I have a table in bigquery where I have object and for each object I have some stringified json. In json, an example row look like below:
{
"ObjectID": "1984931229",
"indexed_abstract": "{\"IndexLength\":123,\"InvertedIndex\":{\"Twenty-seven\":[0],\"metastatic\":[1,45],\"breast\":[2],\"adenocarcinoma\":[3],\"patients,\":[4]}}"
}
where inside the indexed_abstract
we have an InvertedIndex
which contains some keywords and how many times these keywords appeared in the ObjectID
.
Now I want to access the stringified json by parsing the json using bigquery and for each ObjectID
I want to create a nested field where I have the keyword, the corresponding array and the length of the corresponding array.
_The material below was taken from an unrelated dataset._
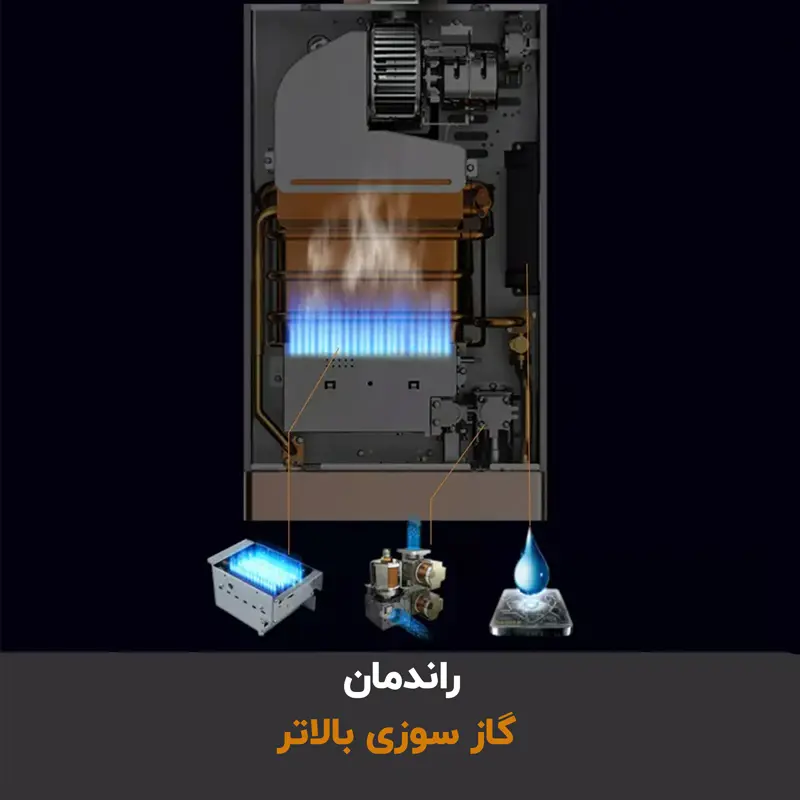 این آبگرمکن دارای سیستم جرقهزنی و کنترل برقی احتراق و دماست که برق موردنیاز خود را از باتری تأمین میکند. به کمک ترموستات برقی میتوان دمای آب را روی درجه دلخواه تنظیم کرد و از طریق نمایشگر دیجیتال روی بدنه، دمای آب را مشاهده نمود.

For example in this case the output would look like the following:
+------------+----------------+---------------+-------------------+
| ObjectID | keyword.key | keyword.count | keyword.positions |
+------------+----------------+---------------+-------------------+
| 1984931229 | Twenty-seven | 1 | [0] |
| | metastatic | 2 | [1,45] |
| | breast | 1 | [2] |
| | adenocarcinoma | 1 | [3] |
| | patients | 1 | [4] |
+------------+----------------+---------------+-------------------+
I understand I could use JSON_EXTRACT function but I am not sure what would be my key inside the inverted index to access the keywords and the arrays corresponding to them.